L’ampia varietà di dati a disposizione porta anche il problema di contestualizzare i dati per dare ad ognuno il peso e il significato adeguati: l’interpretazione di un dato infatti varia a seconda della fonte e del contesto in cui viene raccolto. Un passaggio importante soprattutto nel mondo moderno in cui le fake news sono all’ardine del giorno e la velocità delle informazioni ne incrementa la diffusione.

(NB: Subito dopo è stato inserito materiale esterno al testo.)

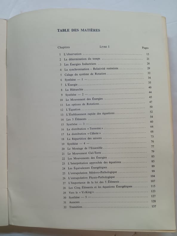 Sommaire : l'observation - la détermination du temps - les énergies inductrices - la synchronisation relativité restreinte - calage du système de rotation - l'énergie - le mouvement des énergies - les options de rotations - les 5 éléments - la distribution terrestre, céleste - la répartition des saisons - le mouvement ciel terre - les mouvements des énergies - les équivalences énergétiques - l'extrapolation météoro-pathologique - vers le yi king etc. Classification Dewey : 610-Sciences médicales. Médecine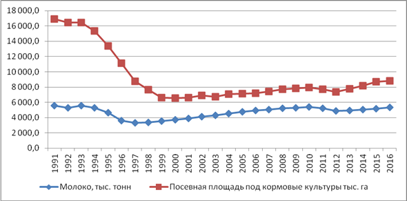 1 – Динамика производства молока (тыс. т) и посевных площадей под кормовые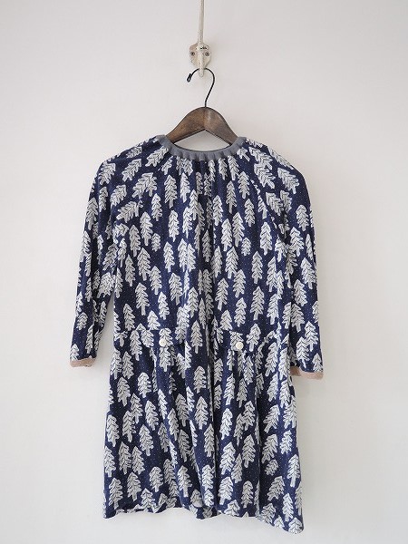 デザイン:mina perhonen 「snow candle」のワンピースです。カラーはネイビーベースにオフホワイト×グレーの総柄で、カットソー地であしらわれています。襟ぐりはグレー・袖口にブラウンのパイピングが施され、どちら共ゴム入りです。両腰に飾りフラップがあり、裏地は付いておりません。子供用アイテムです。 (掲載写真は、実商品のカラーにできるだけ近づけるよう努力はしておりますが、お使いのモニターや画面設定等によっては、色が異なって見える場合もございますので、予めご了承下さい)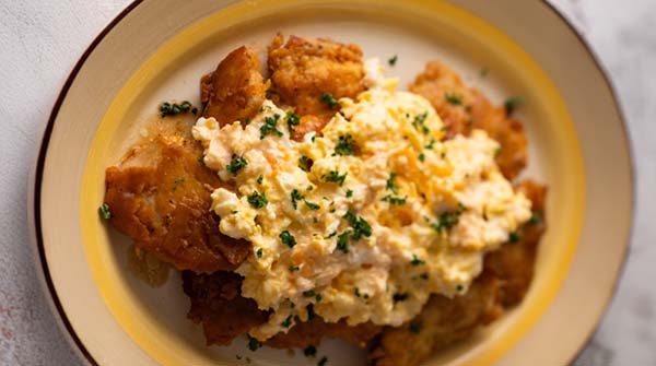 • タルタルソースをつくる。③のフライパンの汚れをペーパータオルできれいにし、サラダ油適量を中火で熱し、溶いた卵を流し入れてスクランブルエッグをつくる。【C】を加えて混ぜ合わせ、③の肉にかけ、パセリをふれば完成!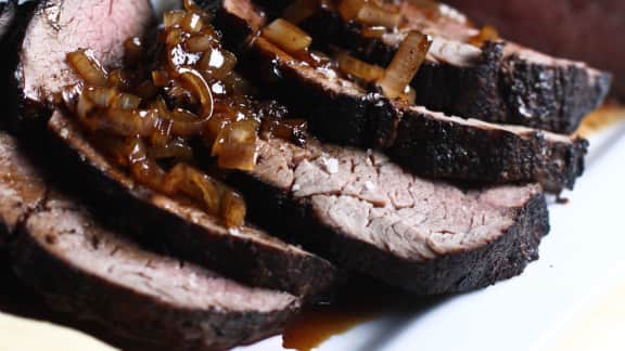 Cuire au four environ 25 min pour une cuisson mi-saignante. Un thermomètre à cuisson inséré au centre de la pièce de viande devrait indiquer 150 °F (65 °C). Lorsque le filet de bœuf est cuit, retirer de la poêle, couvrir de papier d'aluminium et laisser reposer environ 12 min dans une assiette.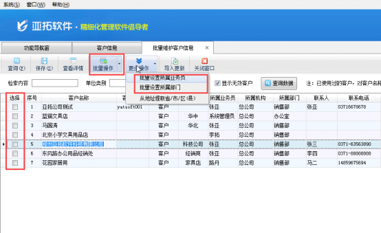 為了更好的管理客戶信息,亞拓管理軟件、倉庫管理軟件等新版本中增加了可批量維護客戶信息的功能。可以批量修改和完善客戶資料。 批量維護客戶資料需要操作員有操作權限,如何設置操作員有批量維護客戶信息的權限,操作步驟如下:系統管理員登錄軟件,打開“系統管理”→“操作員及授權”,選擇要添加權限的操作員,打開“其他操作權限”勾選上要選擇

Dal 2001 ai giorni nostri la situazione è ulteriormente cambiata; si è evoluta a tal punto che oggi l’iniziale paradigma delle 3V di Laney sembra limitato nella definizione di Big Data. Dalle 3V il paradigma è stato arricchito di tante variabili, tra cui altre 2 V: Veridicità e Valore.
Veridicità
Ovvero l’attendibilità delle fonti. Gli esperti di settore sono soliti dire “Bad data is worse than no data”. I Big Data sono ormai un asset aziendale ed è fondamentale che siano affidabili e veritieri, sfida, quest’ultima, ancor più difficile da affrontare di quanto non lo fosse quando i dati non avevano il volume, la velocità e la varietà attuali. D’altra parte, però, la qualità e l’integrità delle informazioni è e rimane un pilastro imprescindibile perché influenza in modo importante l’accuratezza dell’analisi.
Valore
Abbiamo già scritto che i Big Data sono il nuovo asset aziendale, il nuovo petrolio, una fonte inestimabile di valore per le aziende. Certo, non basta limitarsi a raccogliere dati per ottenere valore aggiunto. I dati, infatti, anche se raccolti sfruttando le migliori tecnologie disponibili, rimangono fini a sé stessi se non vengono opportunamente sfruttati, e per farlo devono poter essere convertiti in informazioni preziose che permettono alle aziende di verificare ed eventualmente modificare le proprie scelte e strategie.
Se l’informazione è il risultato del processo di analisi del dato, la conoscenza è lo step successivo e si ottiene nel momento in cui le informazioni vengono calate nel contesto aziendale ed usate per prendere decisioni data driven e realizzare azioni. Coloro che usano le informazioni derivanti dai big data ottengono un vantaggio competitivo.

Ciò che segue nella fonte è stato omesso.